▶ [BRIEF] Where the records below show a line containing "El camino asfaltado", start copying; end with the line containing "12月3日,在加沙地带代尔拜", and copy it too.

━━━ DATA FOR PROCESSING ━━━

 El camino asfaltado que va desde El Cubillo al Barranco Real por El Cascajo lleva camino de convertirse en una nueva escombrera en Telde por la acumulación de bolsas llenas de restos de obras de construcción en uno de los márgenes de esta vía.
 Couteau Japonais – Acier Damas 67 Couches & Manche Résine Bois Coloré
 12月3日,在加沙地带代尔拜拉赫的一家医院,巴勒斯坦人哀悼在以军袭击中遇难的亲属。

━━━
━━━ DATA FOR PROCESSING ━━━

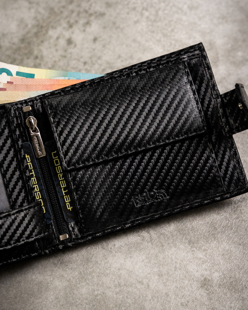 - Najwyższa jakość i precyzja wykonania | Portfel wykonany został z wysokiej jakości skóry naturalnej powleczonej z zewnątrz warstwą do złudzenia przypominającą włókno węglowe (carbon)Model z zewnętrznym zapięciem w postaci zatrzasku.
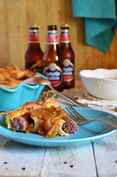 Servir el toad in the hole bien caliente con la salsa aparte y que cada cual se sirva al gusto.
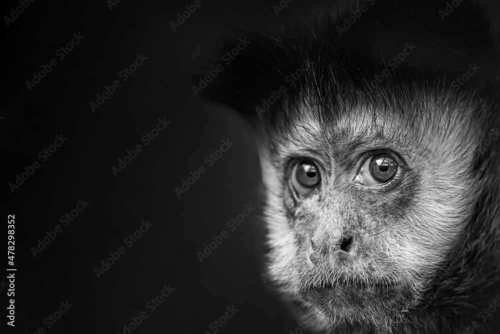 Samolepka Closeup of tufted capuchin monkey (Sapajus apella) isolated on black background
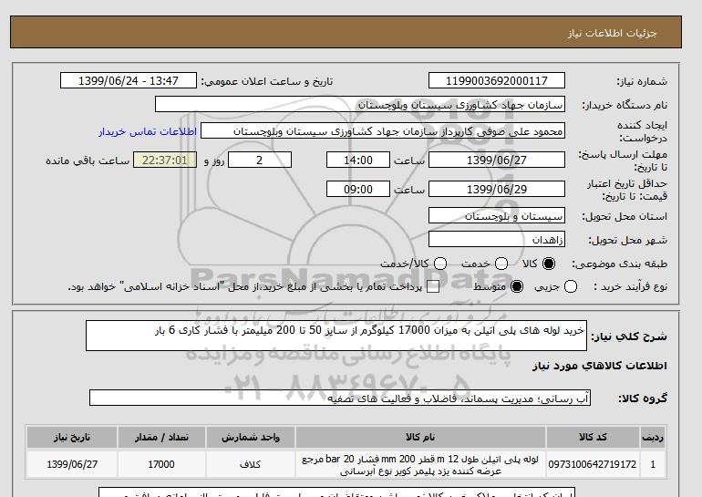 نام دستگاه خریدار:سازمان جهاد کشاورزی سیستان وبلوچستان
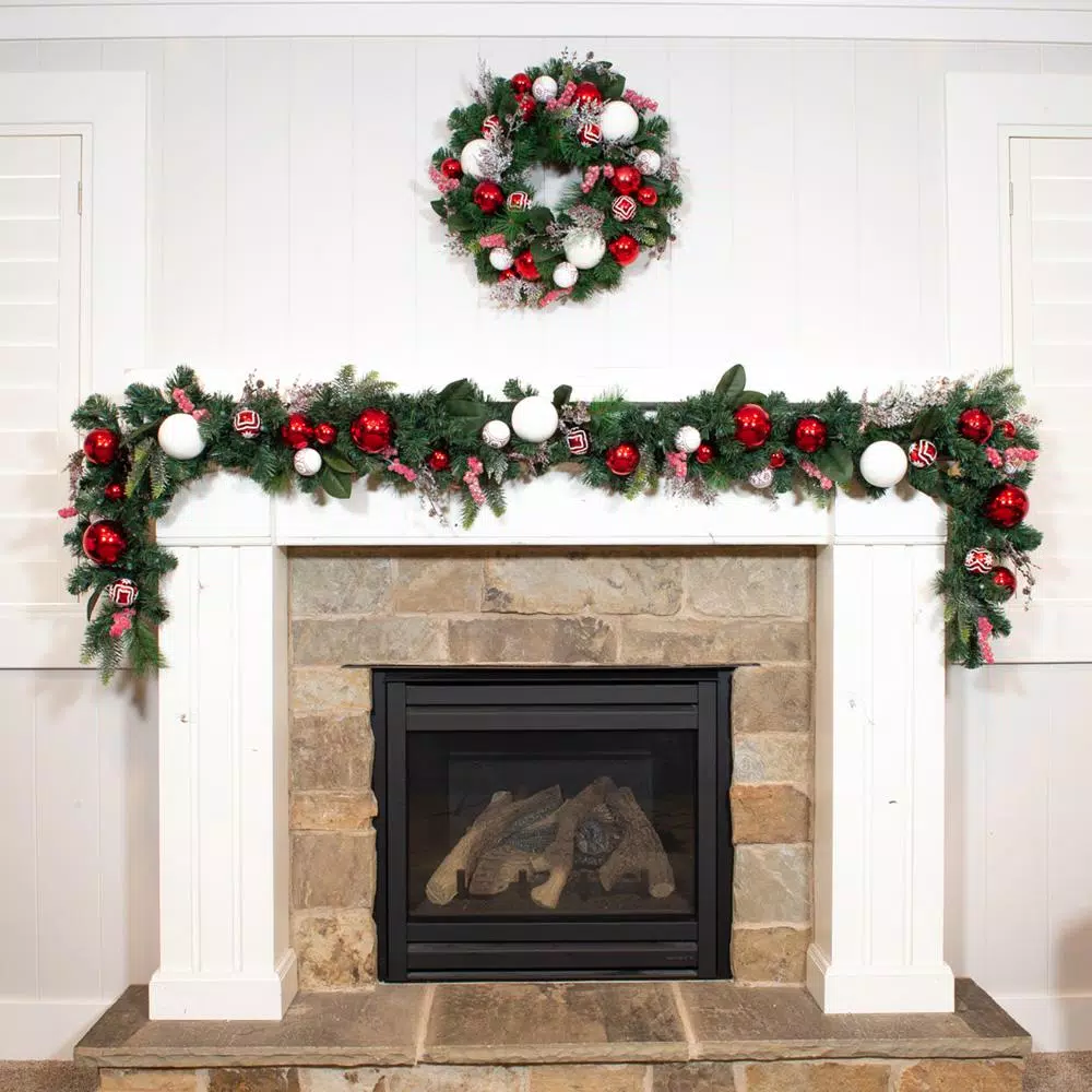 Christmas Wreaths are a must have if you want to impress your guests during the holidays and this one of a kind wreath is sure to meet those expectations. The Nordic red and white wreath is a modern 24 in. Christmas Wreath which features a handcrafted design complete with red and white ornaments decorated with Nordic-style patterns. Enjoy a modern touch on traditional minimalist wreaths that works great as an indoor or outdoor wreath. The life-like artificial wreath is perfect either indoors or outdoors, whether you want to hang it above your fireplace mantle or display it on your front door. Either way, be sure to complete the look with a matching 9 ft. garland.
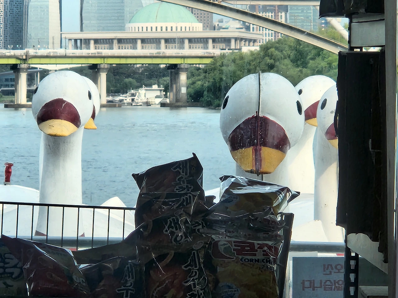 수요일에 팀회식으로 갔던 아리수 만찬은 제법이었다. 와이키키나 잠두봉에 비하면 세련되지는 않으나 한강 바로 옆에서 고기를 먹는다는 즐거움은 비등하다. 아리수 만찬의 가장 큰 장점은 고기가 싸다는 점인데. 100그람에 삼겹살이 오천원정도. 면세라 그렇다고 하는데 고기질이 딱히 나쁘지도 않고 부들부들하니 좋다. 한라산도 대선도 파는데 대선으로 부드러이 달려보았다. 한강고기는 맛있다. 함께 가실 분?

━━━

▶ [RESULT OF THIS EXERCISE]
 El camino asfaltado que va desde El Cubillo al Barranco Real por El Cascajo lleva camino de convertirse en una nueva escombrera en Telde por la acumulación de bolsas llenas de restos de obras de construcción en uno de los márgenes de esta vía.
 Couteau Japonais – Acier Damas 67 Couches & Manche Résine Bois Coloré
 12月3日,在加沙地带代尔拜拉赫的一家医院,巴勒斯坦人哀悼在以军袭击中遇难的亲属。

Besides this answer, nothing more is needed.